## Task details
Please set down only the lines below starting with the line with "Farmers carrying rice" and going on through the line with "Fig. 1 – Women", verbatim and without pictures.

= = = = =

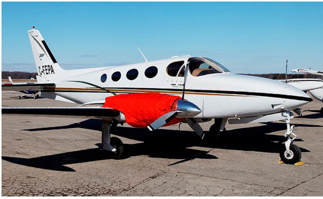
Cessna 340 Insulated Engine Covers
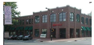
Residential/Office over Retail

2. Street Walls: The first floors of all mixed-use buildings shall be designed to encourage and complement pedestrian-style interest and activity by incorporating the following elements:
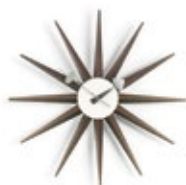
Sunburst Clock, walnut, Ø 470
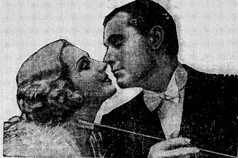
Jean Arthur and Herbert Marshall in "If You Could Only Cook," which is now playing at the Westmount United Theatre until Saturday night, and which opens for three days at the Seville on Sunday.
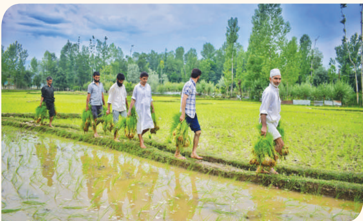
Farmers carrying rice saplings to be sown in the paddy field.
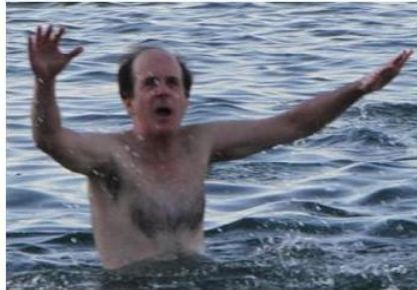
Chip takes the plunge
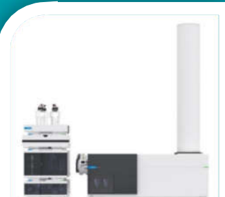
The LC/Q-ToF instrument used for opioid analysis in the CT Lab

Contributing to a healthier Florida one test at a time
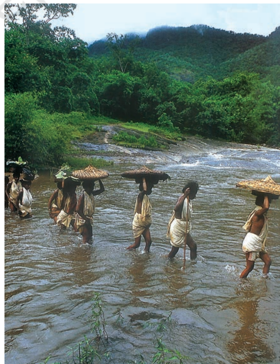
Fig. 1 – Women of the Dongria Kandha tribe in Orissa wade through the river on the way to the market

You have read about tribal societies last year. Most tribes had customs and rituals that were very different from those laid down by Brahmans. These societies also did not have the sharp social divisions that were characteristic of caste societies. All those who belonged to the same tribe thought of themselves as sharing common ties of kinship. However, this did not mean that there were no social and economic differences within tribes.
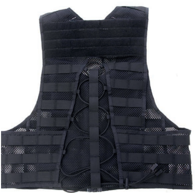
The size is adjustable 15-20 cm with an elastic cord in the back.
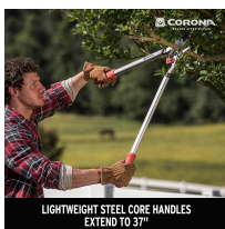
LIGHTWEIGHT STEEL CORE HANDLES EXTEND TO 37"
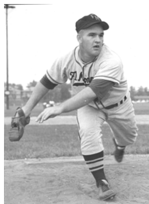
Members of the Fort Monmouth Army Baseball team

= = = = =

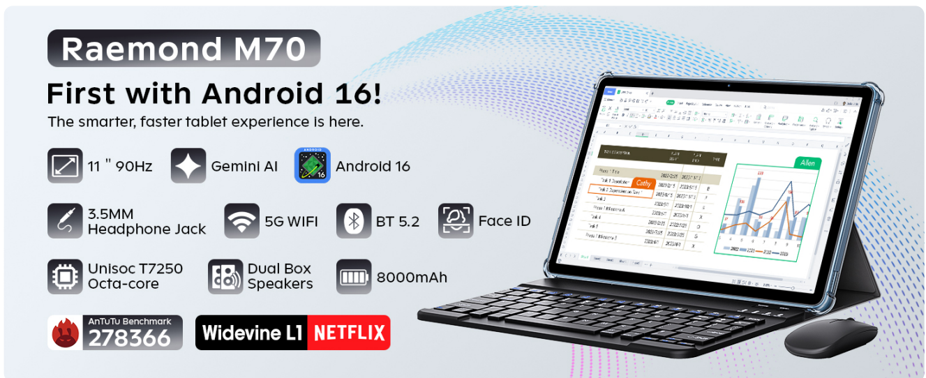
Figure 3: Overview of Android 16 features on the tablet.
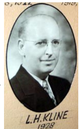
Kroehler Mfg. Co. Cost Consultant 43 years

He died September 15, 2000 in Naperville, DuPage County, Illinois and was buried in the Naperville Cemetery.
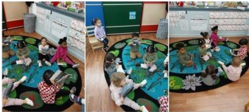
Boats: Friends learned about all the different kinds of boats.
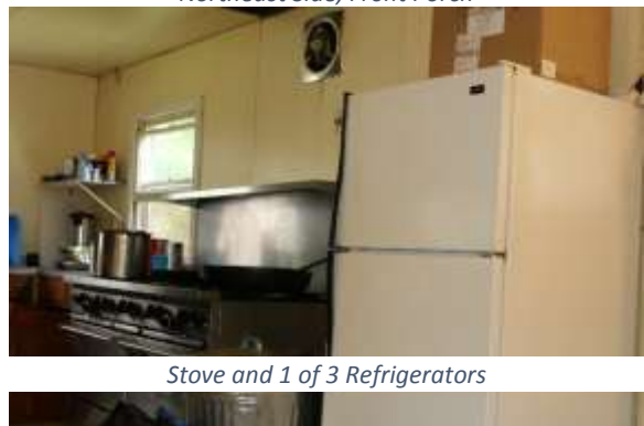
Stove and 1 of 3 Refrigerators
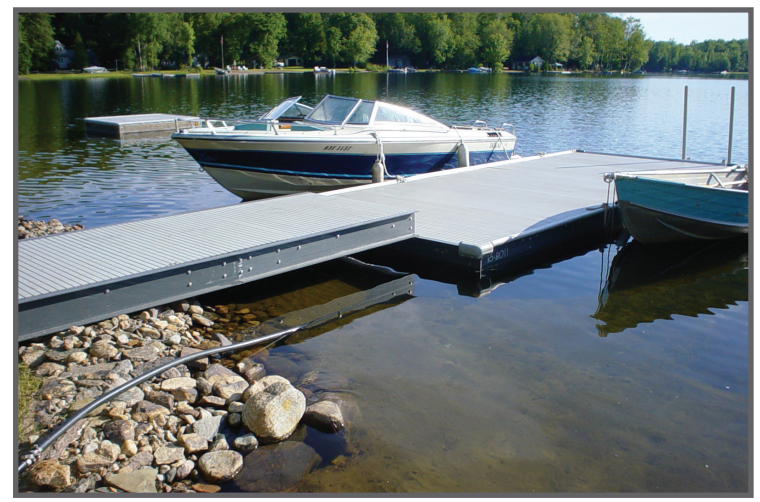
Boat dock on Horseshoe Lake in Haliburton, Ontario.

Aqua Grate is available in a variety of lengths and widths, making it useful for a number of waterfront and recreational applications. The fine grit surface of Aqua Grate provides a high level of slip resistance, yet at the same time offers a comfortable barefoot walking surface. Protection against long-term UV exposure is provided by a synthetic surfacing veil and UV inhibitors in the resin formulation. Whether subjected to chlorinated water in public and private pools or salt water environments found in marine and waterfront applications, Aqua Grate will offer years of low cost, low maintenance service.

= = = = =

## Task answer
Farmers carrying rice saplings to be sown in the paddy field.
Chip takes the plunge
The LC/Q-ToF instrument used for opioid analysis in the CT Lab

Contributing to a healthier Florida one test at a time
Fig. 1 – Women of the Dongria Kandha tribe in Orissa wade through the river on the way to the market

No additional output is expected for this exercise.